** Input for this task follows **

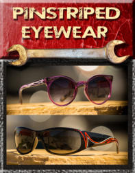 After   the   release   and   worldwide   success   of my   cult   hot   rod   film   DEUCE   OF   SPADES ,      I decided   it   was   time   to   pick   up   a   pinstriping brush.   In   just   a   year   or   so   I   found   myself creating    intricate    pinstriping    designs    and my   lines   became   thinner,   more   even   and precise.   Sitting   in   the   back   of   my   tour   bus,   I started     pinstriping     purses     and     biker’s wallets   then   decided   to   further   expand   into something   very   few   pinstripers   were   willing to    paint:    Glassware.    The    small    size    and sharp        curves        make        it        extremely challenging.    To    make    matter    worse,    you have   to   pinstripe   with   only   one   hand!   I   am proud    today    to    offer        a    comprehensive selection    of    every    glass,    mug,    and    cup imaginable…   My   glassware   art   has   traveled to      the      far      reaches      of      the      world, Switzerland, France, New Zealand…
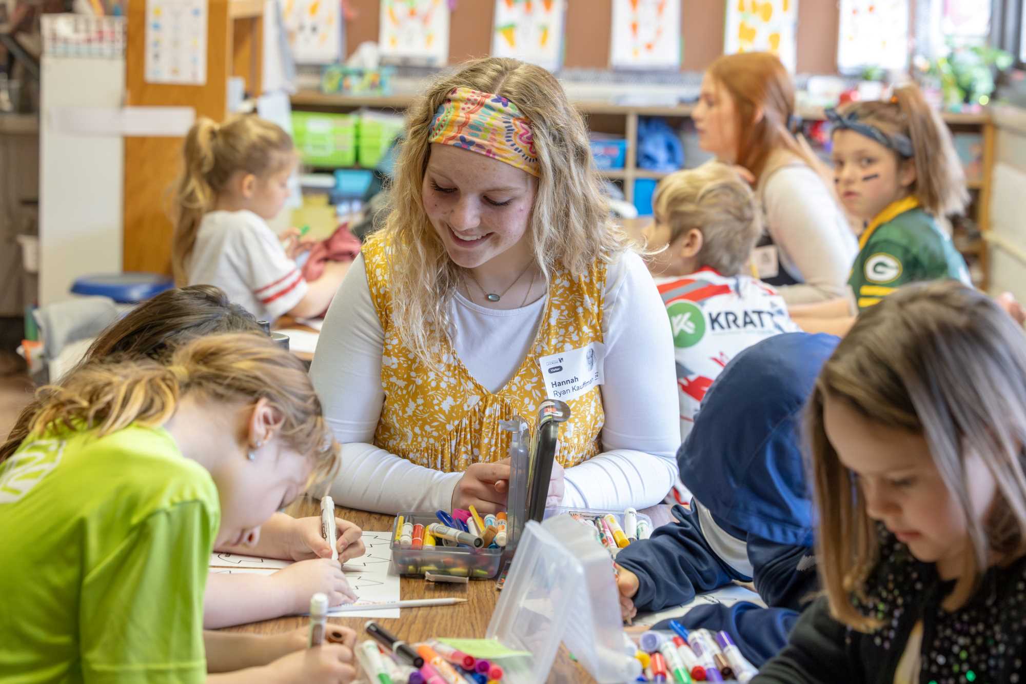 Hannah Kauffman, a junior studying elementary/middle education, was among a group of UWL students who helped children at Summit Environmental School in La Crosse learn about the history and production of maple syrup. The project was made possible by a gift from UWL's School of Education via the Prairie Springs Endowment Fund and the La Crosse Public Education Foundation, among other contributors.
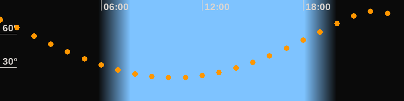 | Höchster Stand (Kulmination) | 22:13 Uhr (h = 80,5°) |
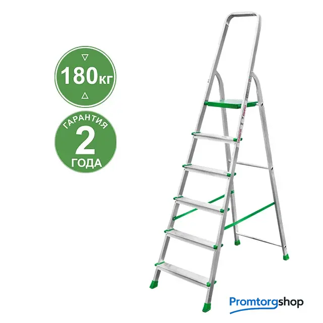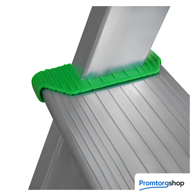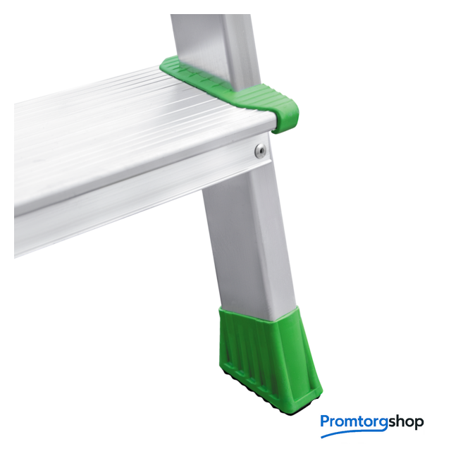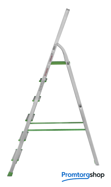 | Тип | лестница-стремянка, складная, неразборная. Улучшенная стремянка для универсального применения. Лёгкая и прочная стремянка для ремонта и уборки. Цельнотянутая усиленная стальная оцинкованная площадка 255×255 мм с порошковой окраской. Устойчива к коррозии, сохраняет чистоту рук и рабочих поверхностей. Стойки и ступени из экструдированного алюминиевого профиля. Рифлёные ступени 80 мм (евростандарт) для надежного сцепления. Профиль заднего каркаса увеличенного сечения. Жёсткость конструкции выше, срок службы дольше. Упор площадки из стального прутка с фиксатором. Не выходит из пазов при сборке. Препятствует повреждению пальцев. Заклёпочное крепление ступеней. Высокая статическая и динамическая прочность. Закруглённые безопасные края ступеней и площадки смягчают контакт с голенью, предотвращают травмы. Пластиковые повторяющие рельеф заглушки ступеней с длительным сроком службы скрывают острые грани и углы. Усиленное крепление стоек заднего каркаса с развальцовкой. Повышает устойчивость стремянки. Страховочные погодоустойчивые ремни на заклёпках с увеличенной шляпкой. Создают жёсткую конструкцию. Не гниют и не выгорают. Дуга безопасности 600 мм. Точка опоры на высоте. Компактно складывается для хранения и транспортировки. В сложенном состоянии занимает мало места. Башмаки из 2х-компонентного пластика с прорезиненной опорой и большим пятном контакта 13 см². Не скользят и не повреждают поверхность. |
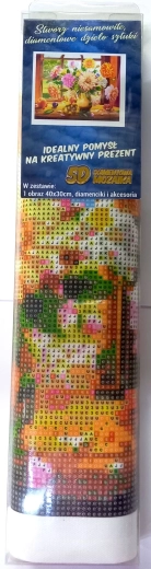 Pittura diamante - procedura: La parte superiore della tela è rivestita di colla e coperta con una pellicola trasparente. Rimuovere gradualmente la pellicola a mano a mano che si applicano i cristalli. La tela contiene simboli secondo la leggenda, che si riferiscono ai sacchetti di cristalli colorati. Carica la penna di cera e applica i cristalli nei punti appropriati.
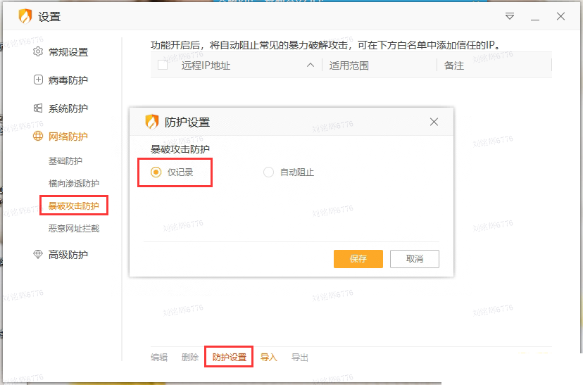 1、打开火绒杀毒软件,设置--网络防护--爆破攻击防护,设置成【仅记录】;
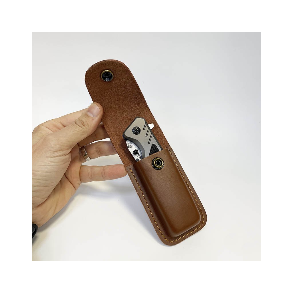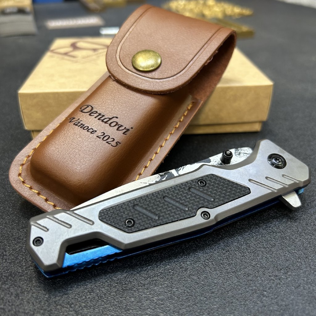 Moderní vyklápěcí nůž s čistým designem a koženým pouzdrem. Možnost gravírování vlastního textu či motivu přímo na pouzdro. Skvělý osobní dárek.
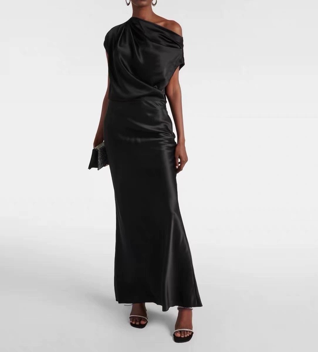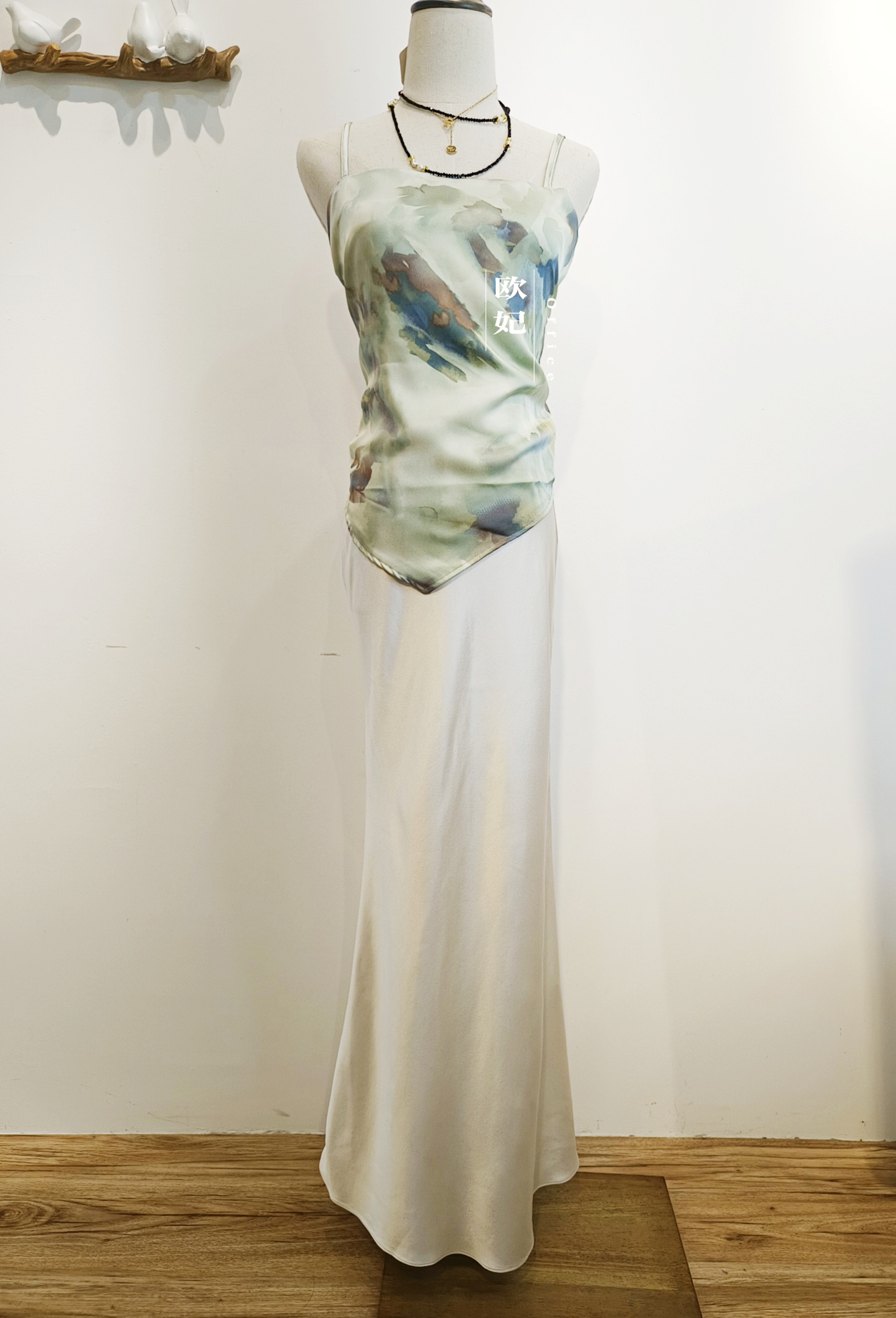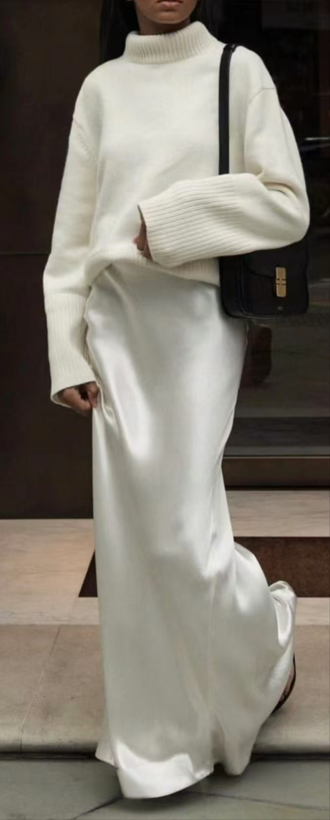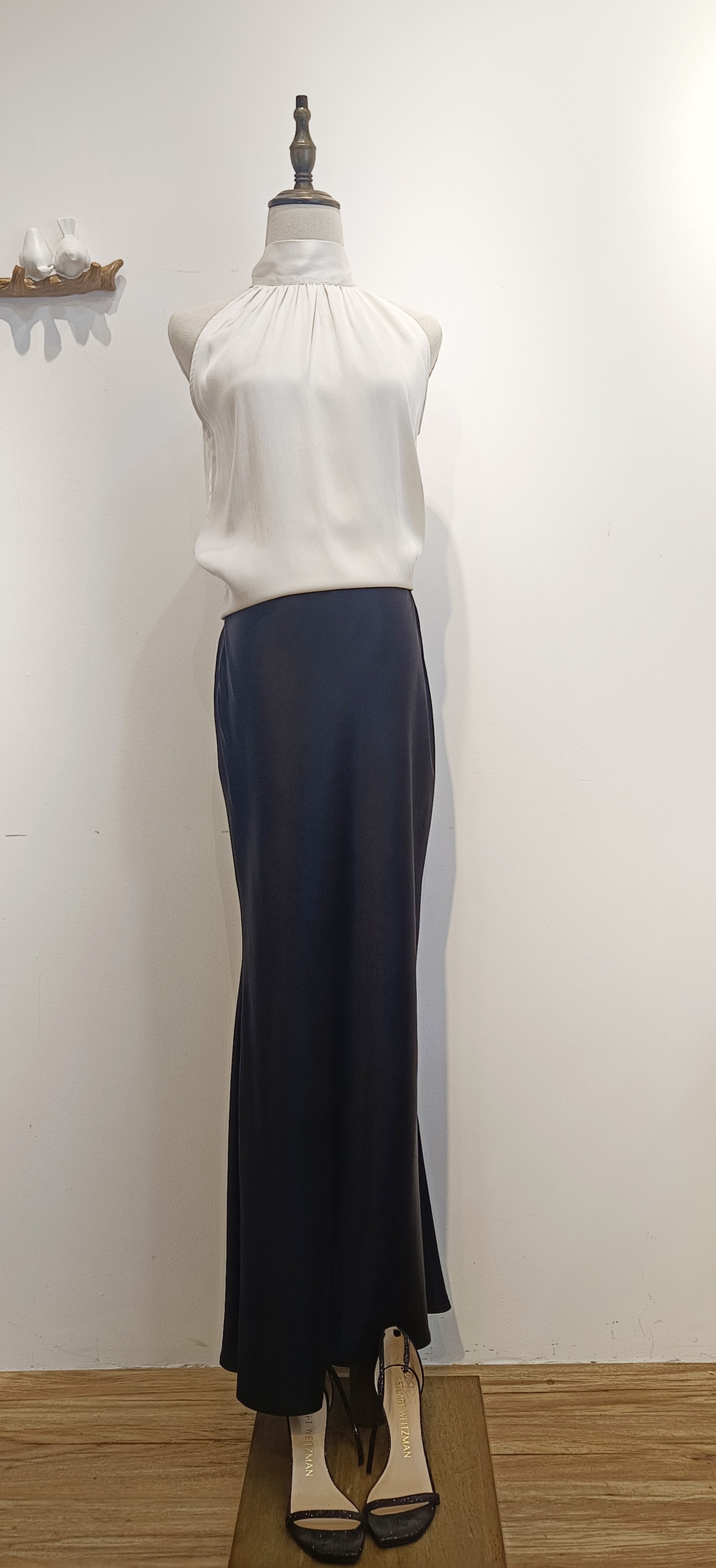 手缝原创6A级40姆米重磅100%桑蚕丝silk白月光色斜裁鱼尾半身长裙

** End of Input for this task **

Word for word, restate only the lines from the one bearing "Pittura diamante - procedura: La" through the final line of the listing, inclusive, with no pictures.

Solution for this problem:
 Pittura diamante - procedura: La parte superiore della tela è rivestita di colla e coperta con una pellicola trasparente. Rimuovere gradualmente la pellicola a mano a mano che si applicano i cristalli. La tela contiene simboli secondo la leggenda, che si riferiscono ai sacchetti di cristalli colorati. Carica la penna di cera e applica i cristalli nei punti appropriati.
 1、打开火绒杀毒软件,设置--网络防护--爆破攻击防护,设置成【仅记录】;
 Moderní vyklápěcí nůž s čistým designem a koženým pouzdrem. Možnost gravírování vlastního textu či motivu přímo na pouzdro. Skvělý osobní dárek.
 手缝原创6A级40姆米重磅100%桑蚕丝silk白月光色斜裁鱼尾半身长裙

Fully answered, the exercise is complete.